>Typographic Classification

>So I just finished entering most of it and thanks to a flakey internet connection it is all lost. I'm calling this one a night and I'll recompile it in the morning. Expect to see multiple updates of this post just so I don't loose all my data. So maybe a few people in class would like to find some free fonts try Dafont

_ Old Style- typefaces from the 14th and 15th century rooted in the renaissance, they from have a low level of contrast and a friendly appearance. Their emulation of calligraphy hurts the print quality of this class vs other fonts designed for print. Garamond would be an example of this class with rounded serifs that are bracketed.

_ Transitional- Sharper seriffing and a stronger vertical than the old style these fonts were a bridge used in the transition to copper and wood. Baskerville is an example of this class.

_ Modern- Were much more dynamic than previous generations combining slab serifs and the use of different line stroke weights. Bodoni is an example of the high contrast font class.

_ Slab Serif- A type class used in advertising in the late 19th and early 20th key characteristics are the strong square ended serifs. Fonts in this class can range from dense to light but most maintain a high readability even at distance and have a strong presence on the page.

_ Sans Serif- Also refereed to as grotesk these fonts were developed for the press and were influenced by the bauhaus movement in Germany. They forgo seriffing for a much cleaner over all effect. This is by far the most commonly used font class currently due to the high legibility and relatively benign nature. Helvetica and Univers are the most common examples of the class.

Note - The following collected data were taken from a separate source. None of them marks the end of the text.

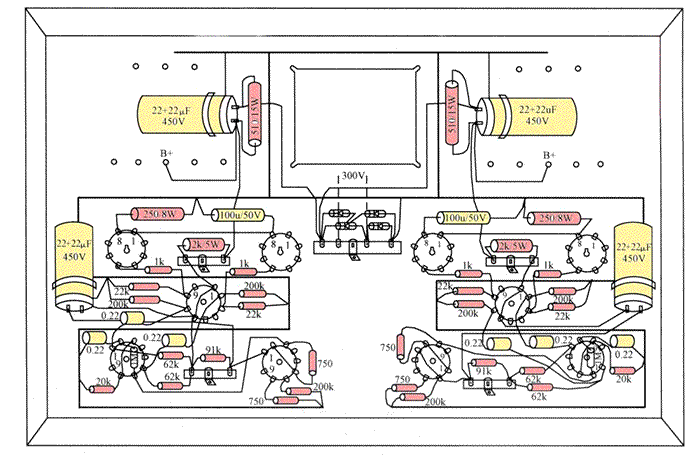 在通用底板上先将各种开关、电位器、接线支架、输入与输出接线端子、电子管灯座等小零件逐一装上,陶瓷灯座在安装时必须注意图示方位,这样可以保持接线距离最近。其中电源变压器,左、右声道输出变压器由于体积庞大而笨重,故应该在全部小零件焊接完毕后再安装,因为在安装过程中底板要四面翻动,容易损伤外表。
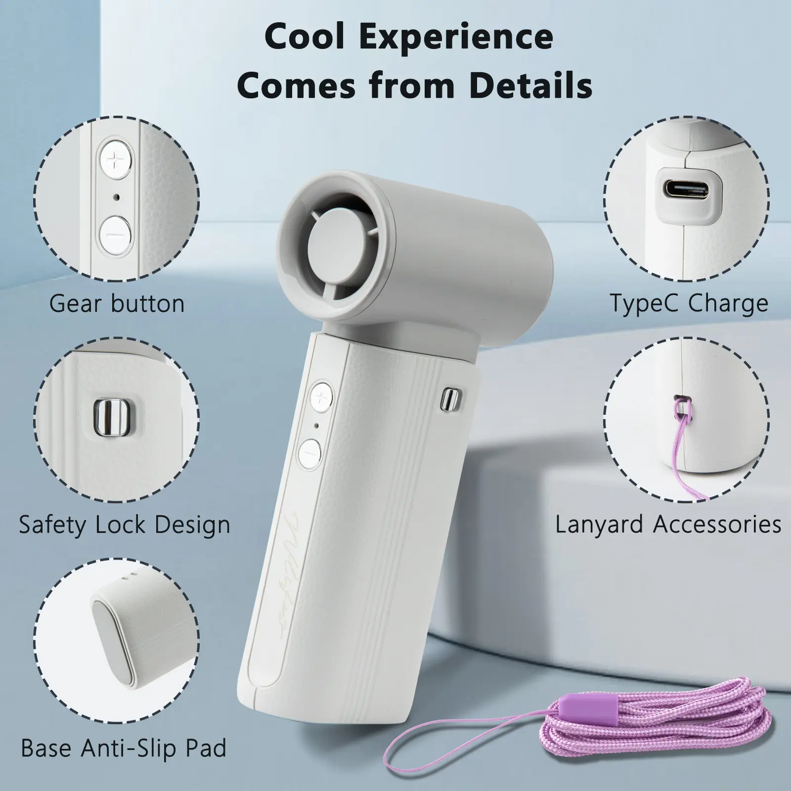 ·Designed with portability and aesthetics in mind, this mini fan features a sleek cylindrical body with a modern minimalist look.
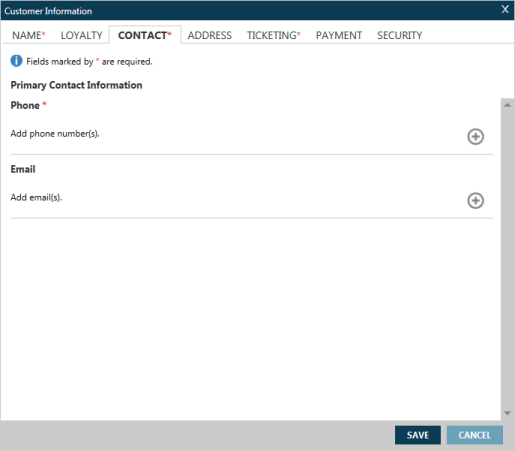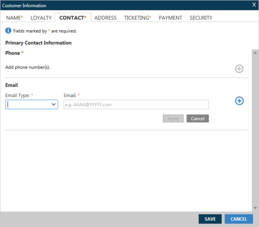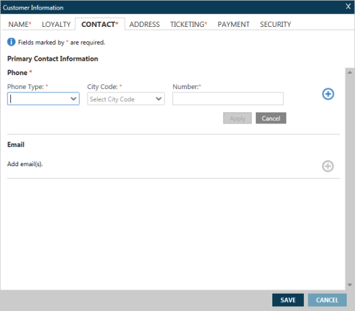 Vous pouvez ajouter des informations de contact obligatoires et facultatives pour votre fichier PNR/Réservation dans l’onglet Contact de l’écran Informations sur le client .
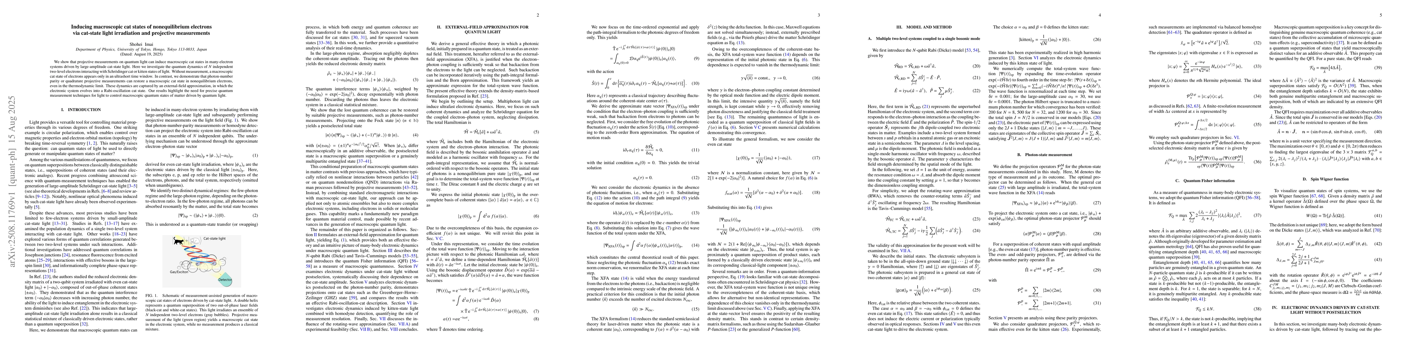 The paper introduces a method for inducing macroscopic cat states in many-electron systems using projective measurements on quantum light, supported by the Tavis-Cummings model and quantum Rabi/Dick model.
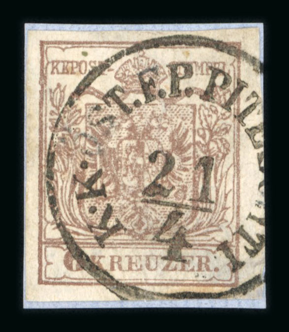 ROMAN: Superb example of the K.K.F.POST 11 postmark, Austrian FPO marking used during the occupation of Moldavia in the Crimean War, on a large-margin 6kr. brown stamp from the 1850 issue. Very fine condition. Signed Ferchenbauer, cert.
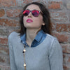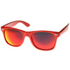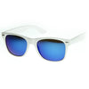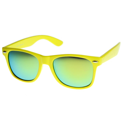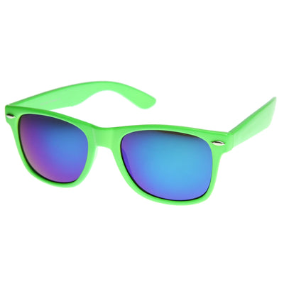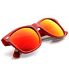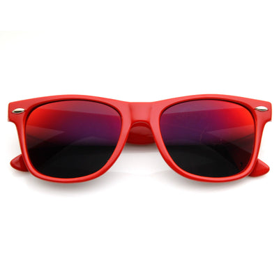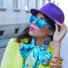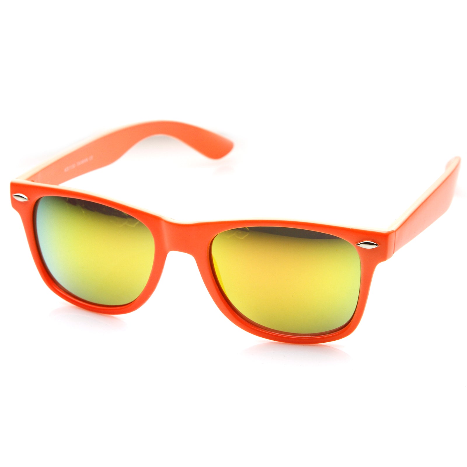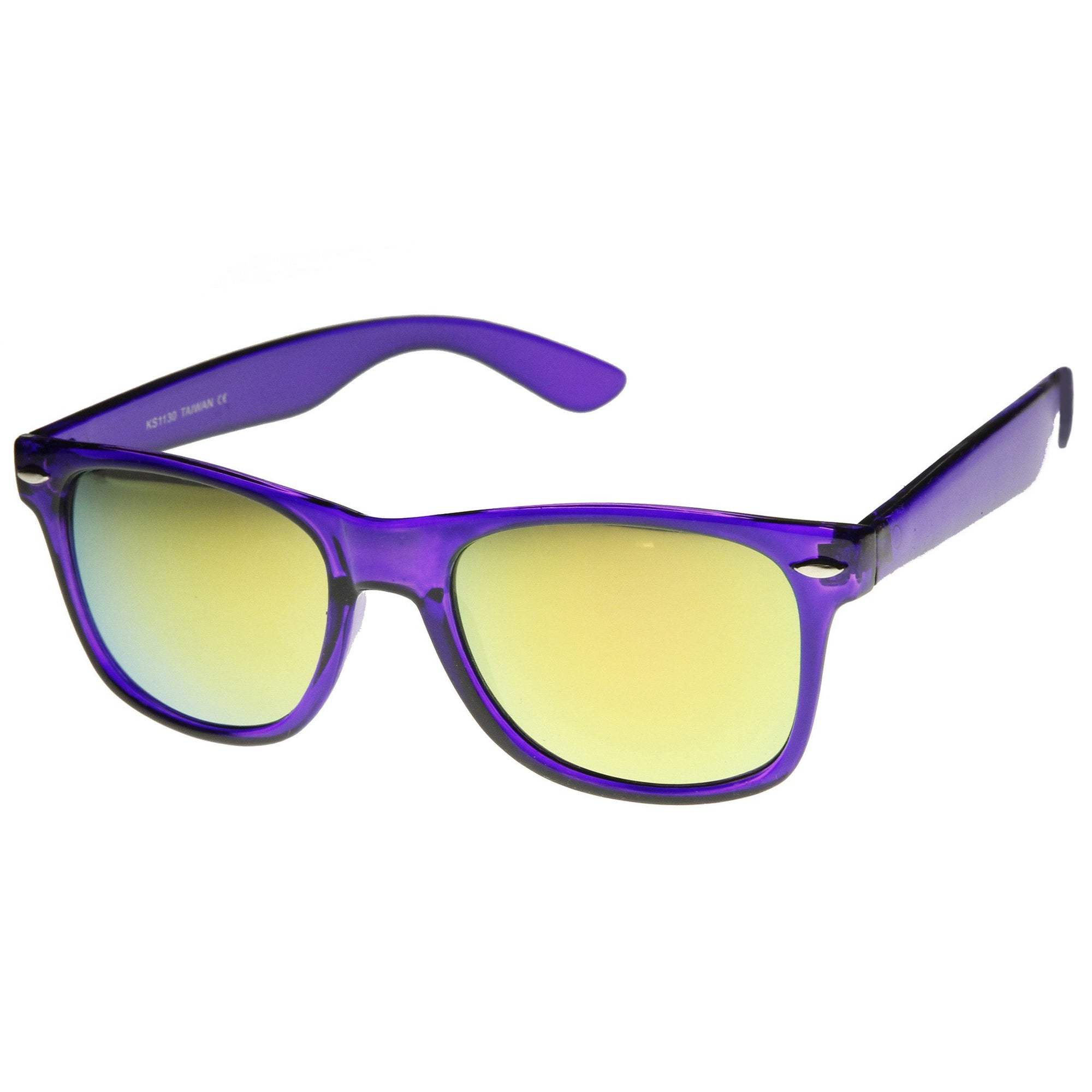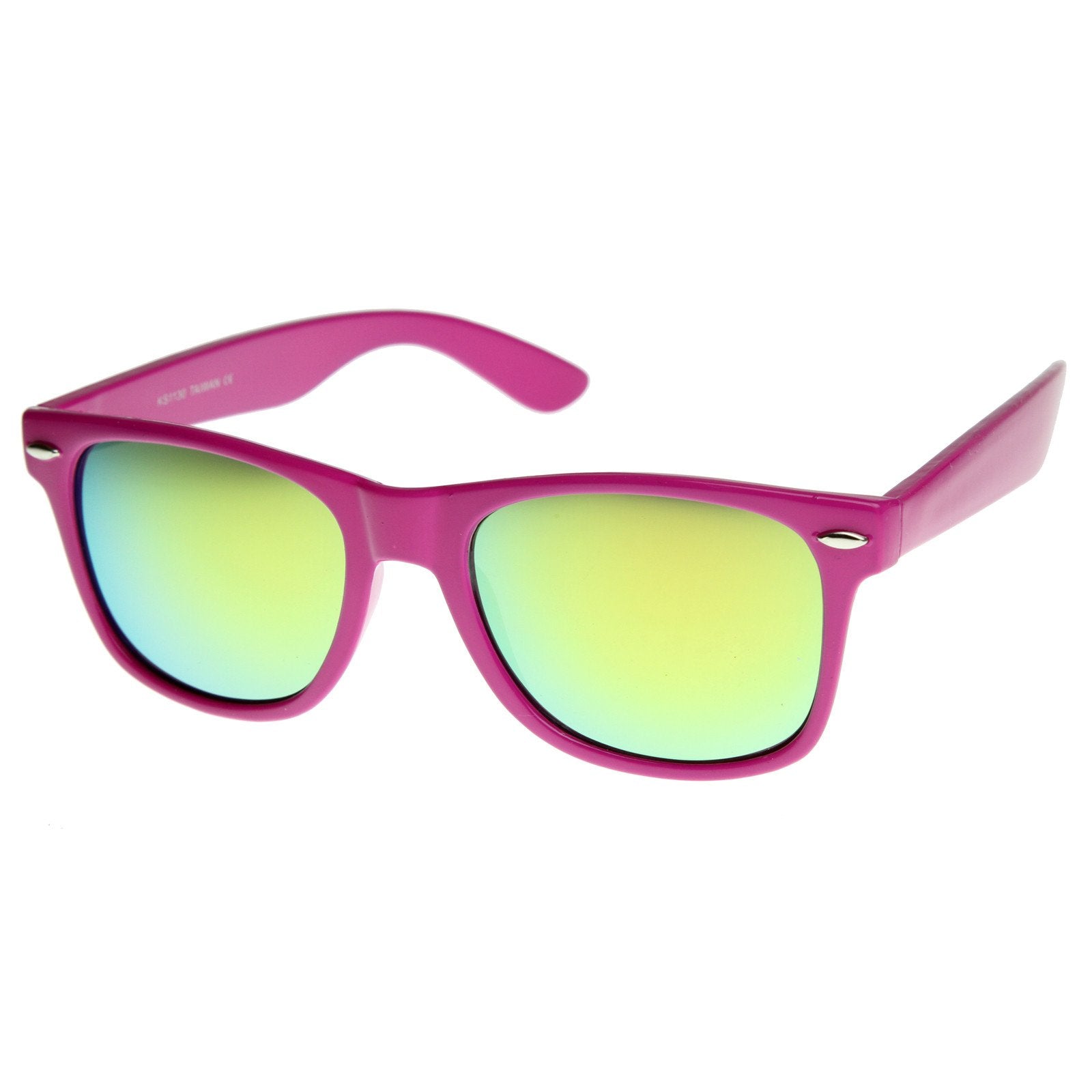 Bright and flashy color version of the timeless classic horned rim frame that features vibrant reflective color lenses. Made with an acetate based frame, metal hinges and color mirror polycarbonate UV protected lenses.
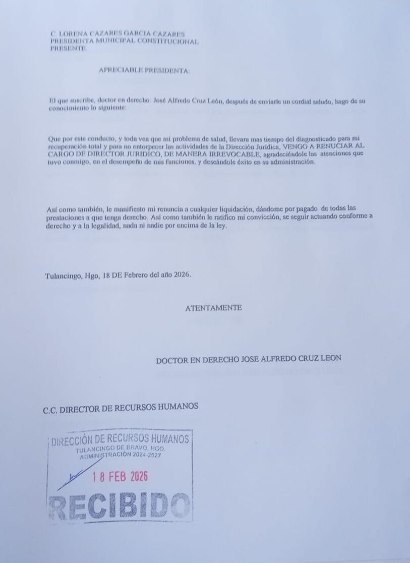 Tulancingo, Hgo.— José Alfredo Cruz León confirmó su renuncia irrevocable al cargo de Director Jurídico del gobierno municipal de Tulancingo, puesto que ocupaba desde noviembre pasado.

_ Script- This font class emulates the handwritten word and has a lower contrast and light presence on the page. The stroke usually has a dynamic width and is closest to actual calligraphy of all classes.

_ Blackletter- Highly ornamental based on the work of scribes for the illuminated manuscripts this font if highly dynamic in it's use of stroke weight and ornamentation of the individual letters. The overall contrast on the page is pretty low though. Old English is an example of the class as well as the type face used for the mast head of the New York Times

_ Grunge- Distressed typefaces featuring a worn and abused look. The use of these is more common in screen printing and posters where the increased size offers better legibility. 28 Days Later is one of my favorites from this class.
Here is a link to a list of this designers top 60.

_ Monospaced- these fonts were developed first for the typewriter and then used on computers and are still used in terminal applications. Each character uses the same amount of space. These fonts therefore are great for technical applications but do not offer the same variation of color on the page that a non monotype would offer. You can find many monospace variation of the other font classes.

_ Undeclared- is a catch all for those fonts that escape they previous categories. And all my searches have given me nothing other than that short answer.

There are of course many subsets in each class depending on how far you want to go into this.